File size: 10,710 Bytes

---
license: mit
tags:
- sentence-transformers
- chemistry
- molecular-similarity
- cheminformatics
- ssl
- smiles
- feature-extraction
pipeline_tag: sentence-similarity
library_name: sentence-transformers
---

# miniChembed-prototype

This is an experimental **self-supervised molecular embedding** model trained using the **Barlow Twins** objective on approximately **24K unlabeled SMILES strings**. If validated as effective, it will be scaled to 2.1M molecules.
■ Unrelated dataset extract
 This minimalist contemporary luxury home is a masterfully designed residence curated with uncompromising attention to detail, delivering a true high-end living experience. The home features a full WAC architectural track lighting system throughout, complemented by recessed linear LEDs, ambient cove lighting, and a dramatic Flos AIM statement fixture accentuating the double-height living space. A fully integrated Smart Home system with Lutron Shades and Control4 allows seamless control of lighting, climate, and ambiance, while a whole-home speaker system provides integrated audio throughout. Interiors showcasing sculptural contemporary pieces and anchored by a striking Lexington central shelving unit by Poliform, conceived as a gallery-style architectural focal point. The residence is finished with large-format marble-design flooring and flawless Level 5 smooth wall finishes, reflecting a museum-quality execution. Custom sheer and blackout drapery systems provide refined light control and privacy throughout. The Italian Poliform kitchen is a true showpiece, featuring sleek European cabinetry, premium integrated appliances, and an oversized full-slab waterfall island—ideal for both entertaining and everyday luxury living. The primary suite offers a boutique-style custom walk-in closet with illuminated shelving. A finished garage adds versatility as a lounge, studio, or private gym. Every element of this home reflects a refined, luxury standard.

The training data were compiled from public sources including:

- **ChEMBL34** (Zdrazil et al., 2023)  
- **COCONUTDB** (Sorokina et al., 2021)  
- **SuperNatural3** (Gallo et al., 2023)

The model maps SMILES strings to a **320-dimensional dense vector space**, optimized for **molecular similarity search, clustering, and scaffold analysis without any supervision from bioactivity, property labels, or precomputed fingerprints**.

Unlike fixed fingerprints (e.g., ECFP4), this model learns representations directly from **stochastic SMILES augmentations**, encouraging invariance to syntactic variation while potentially maximizing representational diversity across molecules. 
The Barlow Twins objective explicitly minimizes redundancy between embedding dimensions, promoting structured, non-collapsed representations.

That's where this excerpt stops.